[Assignment]: Quote exactly and only this range of lines in the data below: the line that holds "Антисептик лессирующий Акватекс" to the line that holds "Установлены 2 ворот", both included.

==== Input records

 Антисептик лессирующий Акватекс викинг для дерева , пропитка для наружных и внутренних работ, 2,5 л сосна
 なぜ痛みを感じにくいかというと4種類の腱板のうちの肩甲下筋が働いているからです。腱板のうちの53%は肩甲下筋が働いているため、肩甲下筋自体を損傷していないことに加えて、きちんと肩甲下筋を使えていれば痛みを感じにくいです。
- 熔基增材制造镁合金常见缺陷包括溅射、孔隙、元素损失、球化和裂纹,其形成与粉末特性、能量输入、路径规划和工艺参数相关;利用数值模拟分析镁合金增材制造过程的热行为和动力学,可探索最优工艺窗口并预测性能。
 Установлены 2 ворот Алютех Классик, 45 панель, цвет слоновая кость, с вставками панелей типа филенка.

========
==== Input records

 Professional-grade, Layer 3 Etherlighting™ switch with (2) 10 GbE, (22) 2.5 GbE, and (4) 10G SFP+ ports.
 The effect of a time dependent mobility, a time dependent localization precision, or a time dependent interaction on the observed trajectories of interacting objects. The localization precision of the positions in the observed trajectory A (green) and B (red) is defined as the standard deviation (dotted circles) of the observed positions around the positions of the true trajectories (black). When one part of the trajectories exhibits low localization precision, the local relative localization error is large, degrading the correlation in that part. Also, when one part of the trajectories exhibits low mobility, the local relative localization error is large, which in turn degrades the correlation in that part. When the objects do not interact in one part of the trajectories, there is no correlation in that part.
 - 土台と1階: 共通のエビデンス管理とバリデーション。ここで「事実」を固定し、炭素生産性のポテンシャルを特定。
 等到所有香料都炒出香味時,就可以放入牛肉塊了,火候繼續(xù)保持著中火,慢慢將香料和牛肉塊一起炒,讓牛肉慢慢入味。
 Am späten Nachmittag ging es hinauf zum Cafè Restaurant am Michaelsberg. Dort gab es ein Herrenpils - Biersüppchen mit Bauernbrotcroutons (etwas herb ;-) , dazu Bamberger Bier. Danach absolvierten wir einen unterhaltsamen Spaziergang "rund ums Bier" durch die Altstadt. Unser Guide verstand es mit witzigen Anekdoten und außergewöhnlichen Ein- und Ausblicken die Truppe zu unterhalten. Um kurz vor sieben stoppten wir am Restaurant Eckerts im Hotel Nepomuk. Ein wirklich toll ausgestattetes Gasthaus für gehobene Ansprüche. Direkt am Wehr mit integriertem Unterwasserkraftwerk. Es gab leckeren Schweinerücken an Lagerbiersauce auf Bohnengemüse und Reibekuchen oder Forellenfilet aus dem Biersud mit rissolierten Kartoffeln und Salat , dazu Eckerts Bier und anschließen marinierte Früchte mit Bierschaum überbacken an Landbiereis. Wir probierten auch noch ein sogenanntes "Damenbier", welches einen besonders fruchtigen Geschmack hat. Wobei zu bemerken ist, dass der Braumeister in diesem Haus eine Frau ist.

========
==== Input records

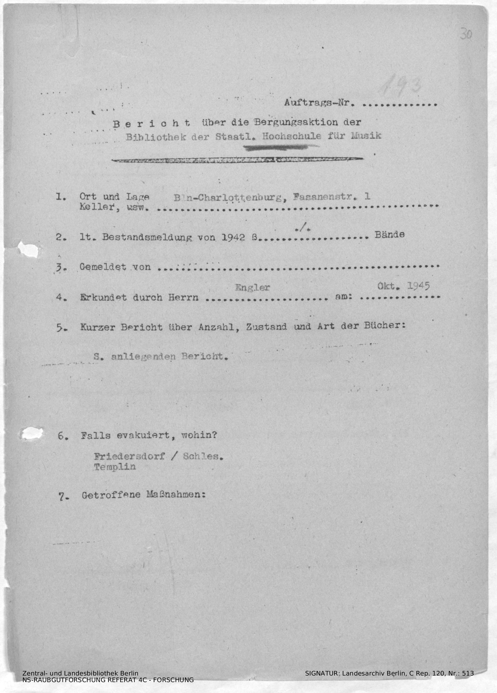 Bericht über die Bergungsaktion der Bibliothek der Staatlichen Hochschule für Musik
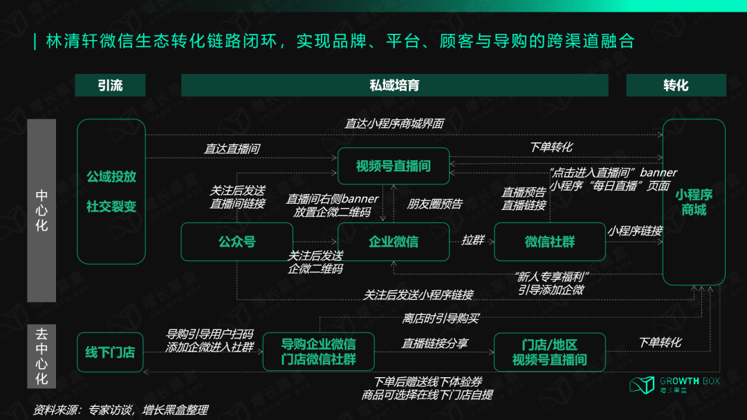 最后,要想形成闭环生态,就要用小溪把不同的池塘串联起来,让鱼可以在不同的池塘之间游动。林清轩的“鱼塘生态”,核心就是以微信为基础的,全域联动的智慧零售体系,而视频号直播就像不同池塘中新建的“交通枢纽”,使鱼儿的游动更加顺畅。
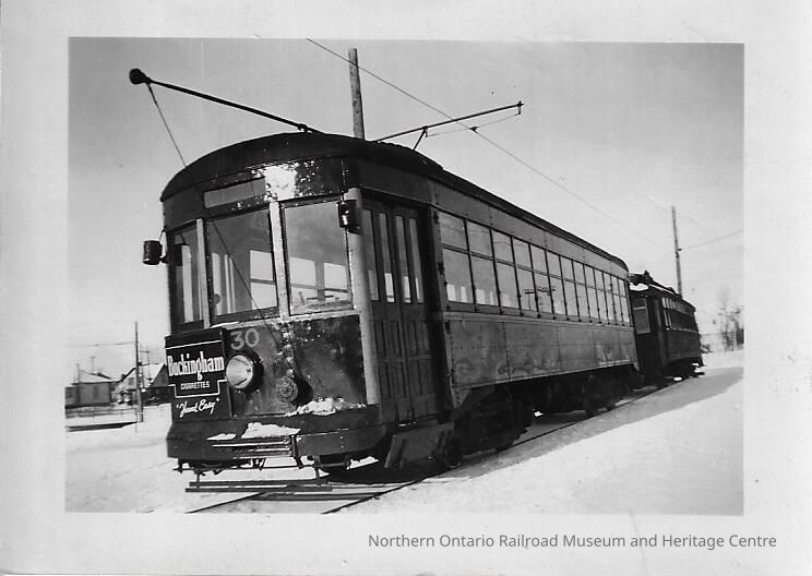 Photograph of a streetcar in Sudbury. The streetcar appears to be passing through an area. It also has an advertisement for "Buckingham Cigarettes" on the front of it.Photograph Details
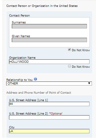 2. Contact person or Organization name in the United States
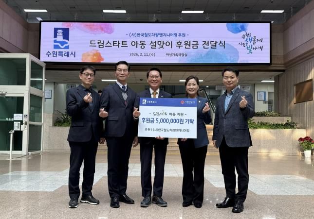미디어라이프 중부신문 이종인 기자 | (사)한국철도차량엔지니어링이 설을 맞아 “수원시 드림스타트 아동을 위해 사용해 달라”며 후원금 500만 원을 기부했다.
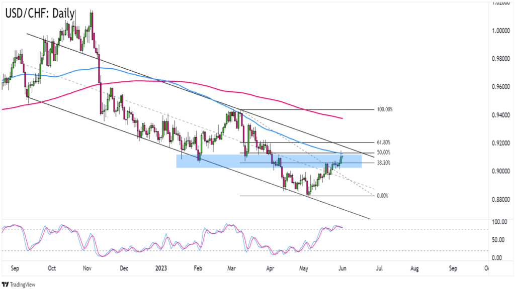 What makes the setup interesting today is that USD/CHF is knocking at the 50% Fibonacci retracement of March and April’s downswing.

========

[Task solution]:
 Антисептик лессирующий Акватекс викинг для дерева , пропитка для наружных и внутренних работ, 2,5 л сосна
 なぜ痛みを感じにくいかというと4種類の腱板のうちの肩甲下筋が働いているからです。腱板のうちの53%は肩甲下筋が働いているため、肩甲下筋自体を損傷していないことに加えて、きちんと肩甲下筋を使えていれば痛みを感じにくいです。
- 熔基增材制造镁合金常见缺陷包括溅射、孔隙、元素损失、球化和裂纹,其形成与粉末特性、能量输入、路径规划和工艺参数相关;利用数值模拟分析镁合金增材制造过程的热行为和动力学,可探索最优工艺窗口并预测性能。
 Установлены 2 ворот Алютех Классик, 45 панель, цвет слоновая кость, с вставками панелей типа филенка.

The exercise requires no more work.